I quote now from a 1999 editorial by then State Rep. (now Sen.) Mark Schoesler and Rep. Don Cox:
It is important to remember that the dams were built to serve many essential purposes, including serving as a critical part of the transportation system that supports our economy. Barges use locks at the dams to move up and down the river. These barges are responsible for 4 million tons of commerce a year, including carrying 3 million tons of wheat. If the dams were lost it would take 700,000 more semi-trucks or 120,000 more railroad cars to move the freight now carried by barge. Without this ability to move agricultural and other products along the river, the state's economy would be dramatically weakened.

In addition, the dams provide needed flood control that protects agricultural lands, port facilities and the residents of cities and communities along the river. They also provide a reliable and affordable supply of electricity and vital sources of water for irrigation.
At a time when there is great concern over global warming, why would we want to dramatically increase carbon emissions from trucks and trains and get rid of renewable, sustainable hydroelectric energy sources? Plus, there is the issue of increased danger on the highways from all the thousands of extra wheat trucks. And where on earth is the money for the increased rail infrastructure going to come from? We have had to beg and fight in Olympia just to keep open our puny existing rail lines in Whitman County.

There is no conclusive proof that the dams hurt salmon runs and recovery efforts have progressed, such as hatcheries, fish ladders, and increasing water flow over the dams at certain times of the year. Much of the salmon problem is overharvesting in the ocean and at the mouth of the Columbia River.

Millionaires like Barbieri may measure “quality of life” differently, but for most folks, “quality of life” begins with a paycheck. To our “iconic” Palouse wheat farmers who already are teetering on the edge economically, dam breaching on the lower Snake would be disastrous and destroy an entire industry and a way of life.

Isn’t it interesting that Barbieri submitted this editorial to the Times, and not the Spokesman-Review? I’d love to see Barbieri pitch this idea in a cafe in Pomeroy or Colfax versus the coffeehouses of Seattle.

4 comments:

Satanic Mechanic said...

Barbieri should just leave eastern Washington and live in the "Moonbat Mecca" that is Seattle.
Three reasons why we have dams:
1. Source of water.
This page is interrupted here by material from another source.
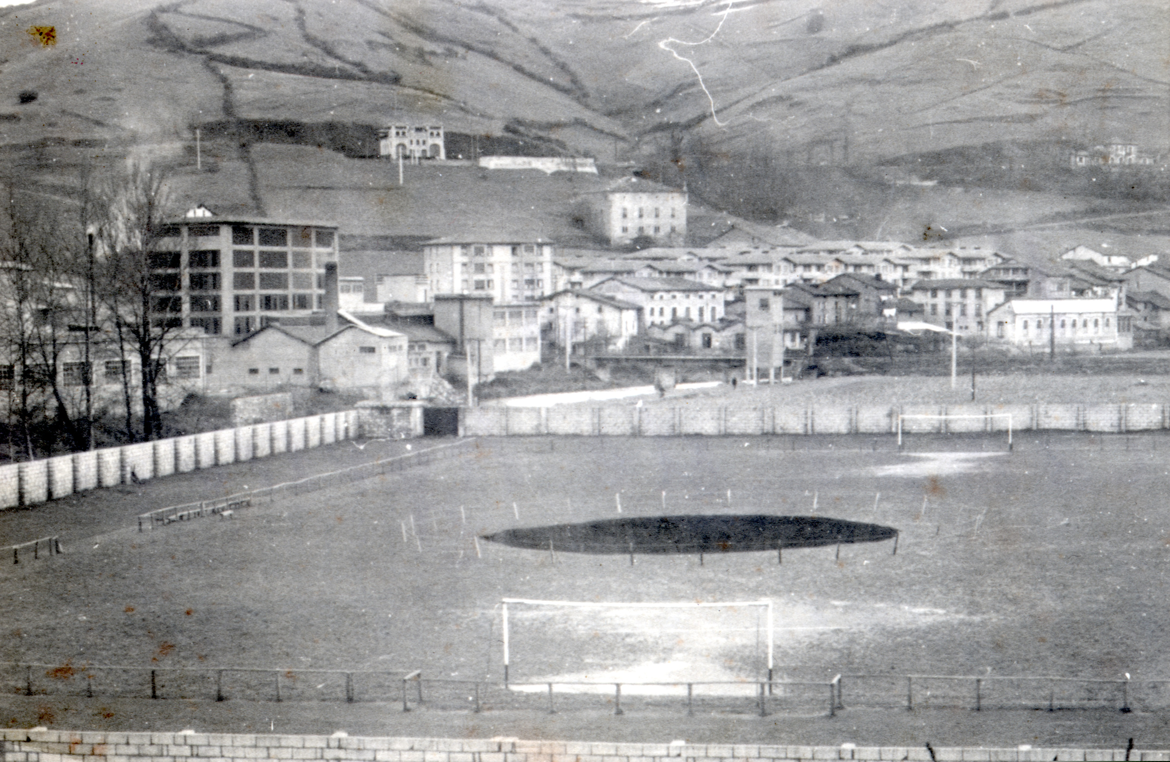 | Agorrosin futbol zelaia, erdian zuloa | "1955 Bergara Campo de Agorrosin Fotografo - Isidro Ecenarro" [ms. v.] |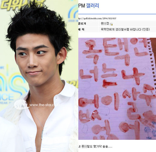 “朝鮮日報(bào)”消息,上月28日在社交網(wǎng)站DCInside的2PM圖庫中,一名會員上傳了寫有“玉澤演你沒有我就活不了”的血書。一些網(wǎng)民看到后懷疑“是不是用紅墨水寫的假血書?”對此,上傳這份血書的粉絲表示“我說到做到”,并公開了染血的內(nèi)衣。

The dams have made it possible to farm the deserts of Washington.

2. Flood control. many cities and town would have been destroyed by uncontrolled floods of the Snake, Columbia and Spokane rivers.

3. Electricity. Right now we pay about five cents per kilowatt hour. Back east they pay about twelve to fifteen cents per kilowatt hour. Does Barbieri know that Washington produces its own power and the surplus goes down to the People's Republic of California? We have a very interesting way of storing power, we store it in the form of large bodies of water behind dams. When we need the power we release the water through turbines which are tied to generators which produces power. We do not have rolling blackouts.

Anonymous said...

Exactly. Eastern Washington was nothing before the dams were built.

The water from the dams has turned the Columbia Basin from a desert into a breadbasket.

And the cheap plentiful electricity has brought in business from Hanford, to Kaiser Aluminum in Spokane, to the Google, Microsoft and Yahoo server farms in Quincy.

Satanic Mechanic said...

I was thinking to my self that most of the dams that were built in Washington were a result of the Public Works projects that were started during the great Depression by Franklin Roosevelt, a Democrat. Now the Democrats and liberals want to destory the dams?
Besides Clinton, FDR was pretty close to being a socialist with the Public Works programs and the CCC. The lefties want to destroy what the only arguibly good Democrat of the 20th century built?

April E. Coggins said...

SM: We should be starved so that we can be saved. It's an amazing political strategy that has worked throughout the ages. Tear down the dams and we can all dine on salmon.